◆ Records shown:
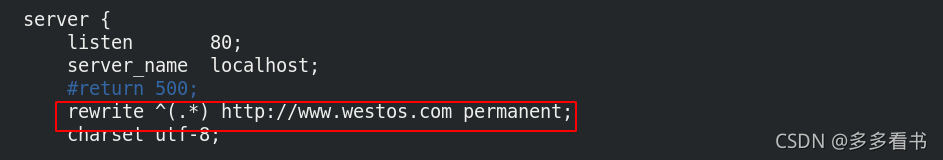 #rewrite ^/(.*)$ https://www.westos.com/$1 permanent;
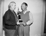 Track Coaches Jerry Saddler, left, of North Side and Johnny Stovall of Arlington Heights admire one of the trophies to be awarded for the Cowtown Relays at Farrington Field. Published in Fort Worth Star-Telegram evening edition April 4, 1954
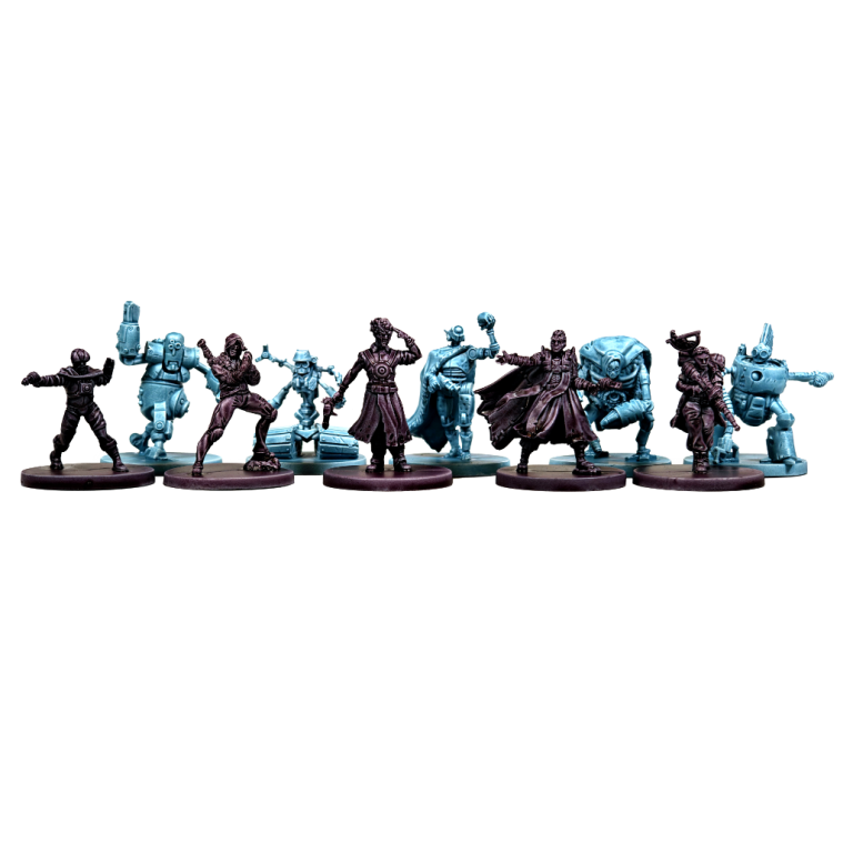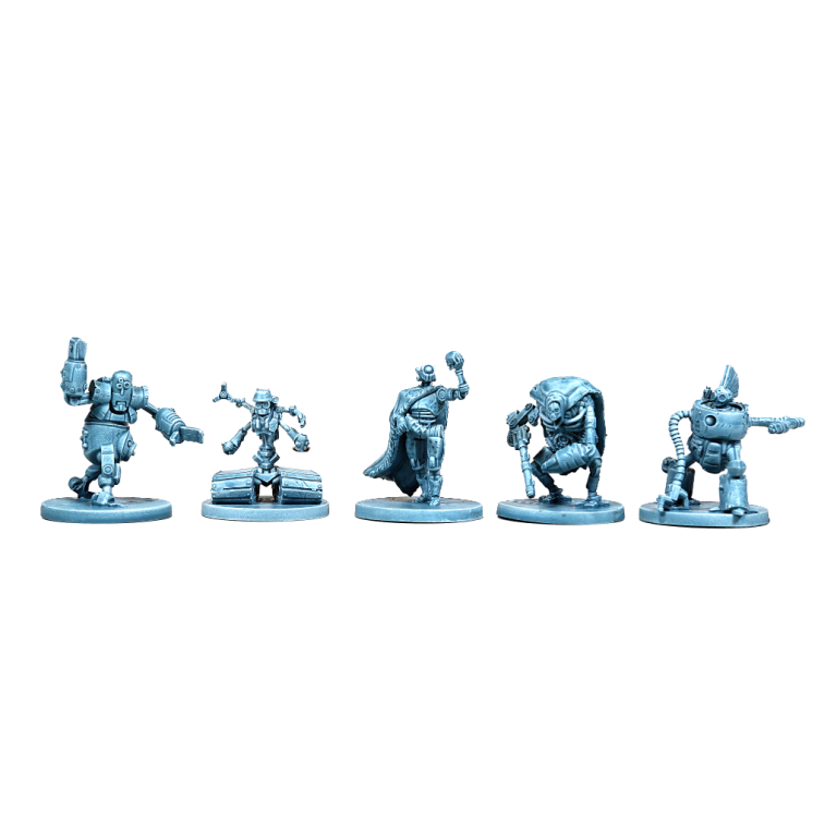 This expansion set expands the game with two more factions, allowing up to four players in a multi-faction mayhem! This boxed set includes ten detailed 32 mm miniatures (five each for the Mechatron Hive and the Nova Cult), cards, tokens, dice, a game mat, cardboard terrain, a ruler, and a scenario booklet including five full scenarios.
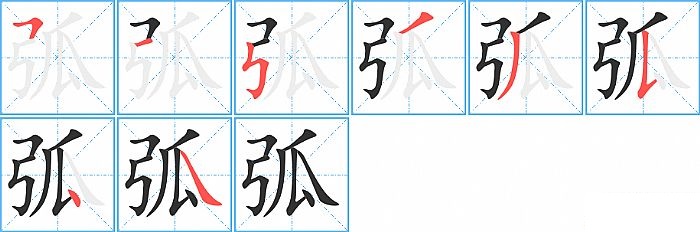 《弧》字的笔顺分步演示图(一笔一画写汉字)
---
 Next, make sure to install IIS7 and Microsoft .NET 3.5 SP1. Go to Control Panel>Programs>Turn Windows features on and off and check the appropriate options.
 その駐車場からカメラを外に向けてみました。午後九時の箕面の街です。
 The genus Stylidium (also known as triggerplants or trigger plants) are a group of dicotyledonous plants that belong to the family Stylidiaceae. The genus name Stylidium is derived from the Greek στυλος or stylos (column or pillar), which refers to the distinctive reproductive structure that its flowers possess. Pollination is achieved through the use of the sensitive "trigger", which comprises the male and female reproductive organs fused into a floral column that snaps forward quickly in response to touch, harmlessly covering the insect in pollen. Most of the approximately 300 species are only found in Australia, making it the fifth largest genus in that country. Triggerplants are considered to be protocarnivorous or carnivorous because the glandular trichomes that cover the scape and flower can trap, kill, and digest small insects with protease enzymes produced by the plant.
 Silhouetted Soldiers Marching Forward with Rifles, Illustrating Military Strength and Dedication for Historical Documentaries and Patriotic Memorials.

◆ Try it: Please transcribe exactly the part of the records that opens with the line containing "#rewrite ^/(.*)$ https://www.westos.com/$1" and closes with the line containing "Track Coaches Jerry", both ends included, and leave out the pictures.

◆ Expected answer:
 #rewrite ^/(.*)$ https://www.westos.com/$1 permanent;
 Track Coaches Jerry Saddler, left, of North Side and Johnny Stovall of Arlington Heights admire one of the trophies to be awarded for the Cowtown Relays at Farrington Field. Published in Fort Worth Star-Telegram evening edition April 4, 1954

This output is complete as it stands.